CSHCN 2009 > Renal Dialysis > Benefits, Limitations, and Authorization Requirements

   
 

31.3.2 Method II Home Dialysis (Dealing Direct)

If the client is working directly with a single supplier to obtain supplies and equipment for home dialysis, the supplier must submit the appropriate procedure codes for the equipment and supplies provided to the client for the home dialysis. The selected supplier cannot be a dialysis facility but must maintain a written agreement with a support dialysis facility to provide backup and support services.

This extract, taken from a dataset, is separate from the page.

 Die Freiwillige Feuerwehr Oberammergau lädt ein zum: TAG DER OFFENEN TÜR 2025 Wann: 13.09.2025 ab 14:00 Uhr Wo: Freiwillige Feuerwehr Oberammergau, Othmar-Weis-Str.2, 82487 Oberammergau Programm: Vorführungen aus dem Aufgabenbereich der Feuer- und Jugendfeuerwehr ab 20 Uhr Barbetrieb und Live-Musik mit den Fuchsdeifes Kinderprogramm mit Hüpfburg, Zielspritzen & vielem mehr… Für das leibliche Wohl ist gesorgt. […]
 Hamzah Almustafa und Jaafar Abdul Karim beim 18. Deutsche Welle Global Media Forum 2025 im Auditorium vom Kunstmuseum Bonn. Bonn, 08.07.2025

The support facility may bill the following revenue codes:

Revenue Code
Description
Limitation*

845

CAPD (outpatient/home) - support services

Monthly

855

CCPD (outpatient/home) - support services

Monthly

* Medically necessary support services denied as exceeding the limitation may be appealed with documentation of medical necessity.

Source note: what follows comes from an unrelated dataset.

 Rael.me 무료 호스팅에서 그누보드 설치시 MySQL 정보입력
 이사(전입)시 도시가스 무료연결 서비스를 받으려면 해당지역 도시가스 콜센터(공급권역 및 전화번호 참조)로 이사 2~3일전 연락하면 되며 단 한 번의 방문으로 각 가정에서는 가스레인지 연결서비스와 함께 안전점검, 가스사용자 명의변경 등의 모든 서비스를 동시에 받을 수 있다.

Examples of dialysis support services include, but are not limited to:

Changing the connecting tube (administration set).

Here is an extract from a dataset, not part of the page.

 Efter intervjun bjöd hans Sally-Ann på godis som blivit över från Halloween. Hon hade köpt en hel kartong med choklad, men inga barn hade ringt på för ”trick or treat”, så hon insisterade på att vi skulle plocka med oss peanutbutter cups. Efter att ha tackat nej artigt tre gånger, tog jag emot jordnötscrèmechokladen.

Observing the client or caregiver performing dialysis and validating that they are correctly performing the procedure.

Documenting past or present peritonitis events requiring hospitalization or physician intervention.

Inspecting the catheter site for infection and patency.

Emergency home visits by end-stage renal disease (ESRD) facility staff as needed.

ESRD related laboratory tests that are included in the composite rate.

Assuring that the water supply is of the appropriate quality.

Testing and appropriate treatment of water used in dialysis.

Monitoring the functioning of dialysis equipment.

The routine laboratory services listed in the table in Section 31.3.1, "In-Facility Services and Method I Home Dialysis Services", are included in the support services and are not considered separately for reimbursement. When one of these laboratory tests is required more frequently than the limitation indicated in the table, renal dialysis facility providers should bill the appropriate procedure code with modifier 91 for separate reimbursement.

The supply company must bill the appropriate procedure code(s) for the dialysis supplies. The following supplies may be reimbursed:

Procedure Codes

A4651

A4652

A4653

A4657

A4660

A4663

A4670

A4671

A4672

A4673

A4674

A4680

A4690

A4706

A4707

A4708

A4709

A4714

A4719

A4720

A4721

A4722

A4723

A4724

A4725

A4726

A4730

A4736

A4737

A4740

A4750

A4755

A4760

A4765

A4766

A4772

A4773

A4774

A4802

A4860

A4911

A4913

A4918

A4927

A4928

A4929

A4930

A4931

A4932

E1592

E1594

E1630

E1634

E1637

E1639

E1699

Supplies, equipment, and support services for clients working with a single supplier to obtain supplies and equipment for home dialysis may be reimbursed separately up to the total monthly allowable amount.

If more than one claim for support services is received per month, the additional claims are denied. The denied claims may be appealed with documentation of medical necessity.